> _What you should do_
After locating the line with "报告数据显示,盛产独自出游者" in the data that follows, return it and every later line exactly, up to and including the line with "sie die Kopulation".

> _Input data_
###

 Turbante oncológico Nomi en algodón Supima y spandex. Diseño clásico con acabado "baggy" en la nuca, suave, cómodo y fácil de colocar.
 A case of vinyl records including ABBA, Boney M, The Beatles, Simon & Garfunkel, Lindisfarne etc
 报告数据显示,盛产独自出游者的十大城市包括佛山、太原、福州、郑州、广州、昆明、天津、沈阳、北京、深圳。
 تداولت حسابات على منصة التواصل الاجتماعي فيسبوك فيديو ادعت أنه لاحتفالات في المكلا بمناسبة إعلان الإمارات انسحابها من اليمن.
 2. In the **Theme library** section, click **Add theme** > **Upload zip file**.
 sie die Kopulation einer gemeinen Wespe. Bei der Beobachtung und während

###

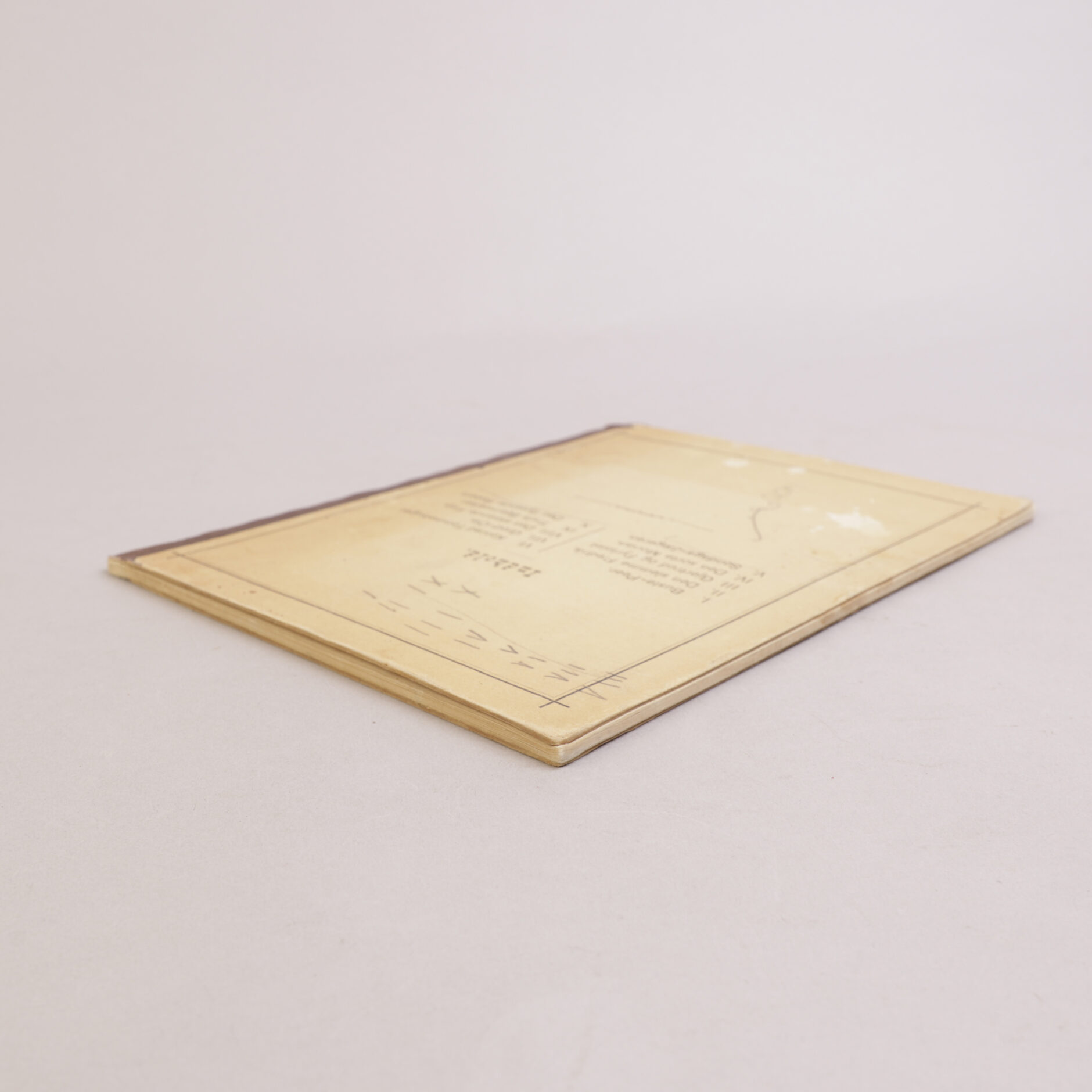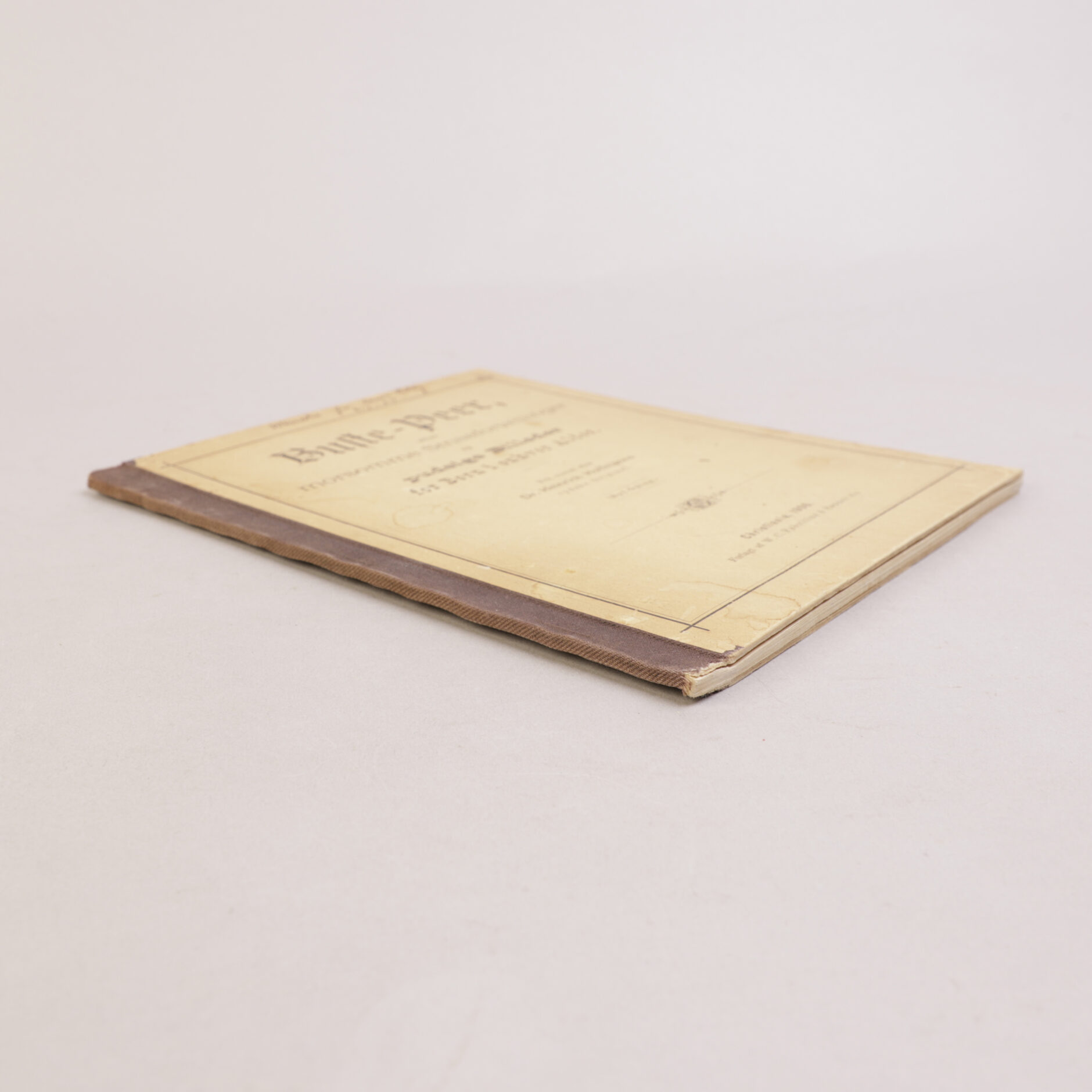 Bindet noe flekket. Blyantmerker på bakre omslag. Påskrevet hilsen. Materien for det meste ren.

###

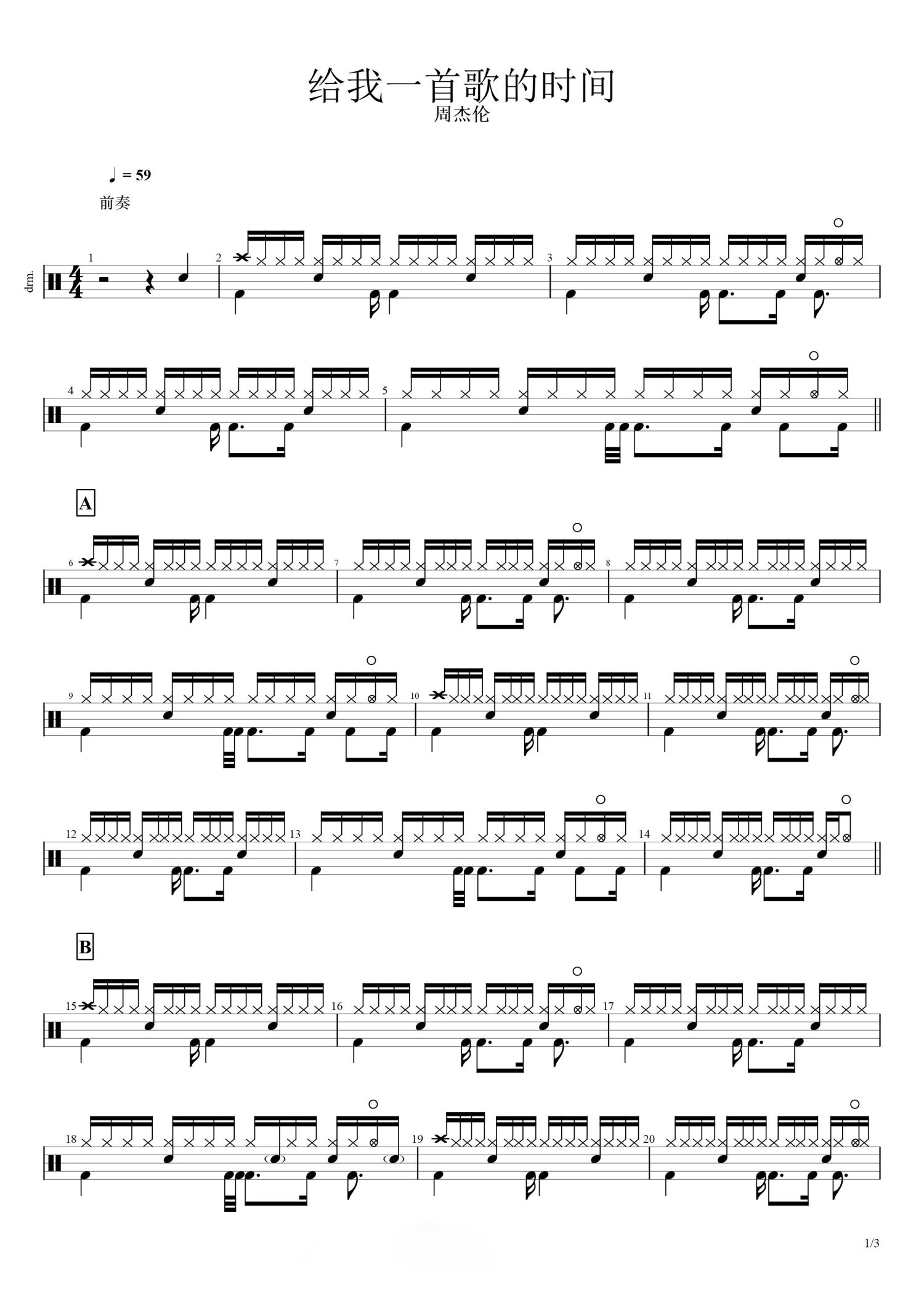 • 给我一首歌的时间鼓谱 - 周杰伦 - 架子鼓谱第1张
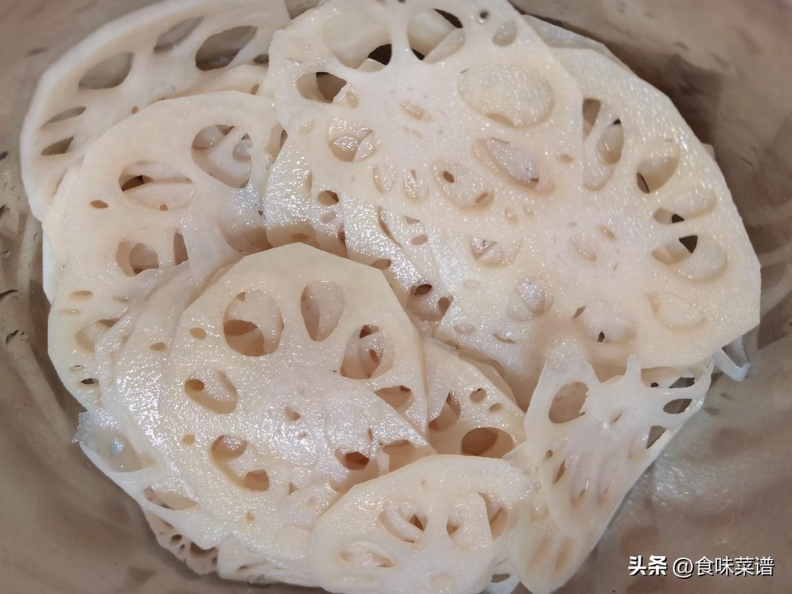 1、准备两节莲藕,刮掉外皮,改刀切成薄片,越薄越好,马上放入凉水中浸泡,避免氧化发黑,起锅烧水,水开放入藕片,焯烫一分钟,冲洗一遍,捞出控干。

###

> _Result of this exercise_
 报告数据显示,盛产独自出游者的十大城市包括佛山、太原、福州、郑州、广州、昆明、天津、沈阳、北京、深圳。
 تداولت حسابات على منصة التواصل الاجتماعي فيسبوك فيديو ادعت أنه لاحتفالات في المكلا بمناسبة إعلان الإمارات انسحابها من اليمن.
 2. In the **Theme library** section, click **Add theme** > **Upload zip file**.
 sie die Kopulation einer gemeinen Wespe. Bei der Beobachtung und während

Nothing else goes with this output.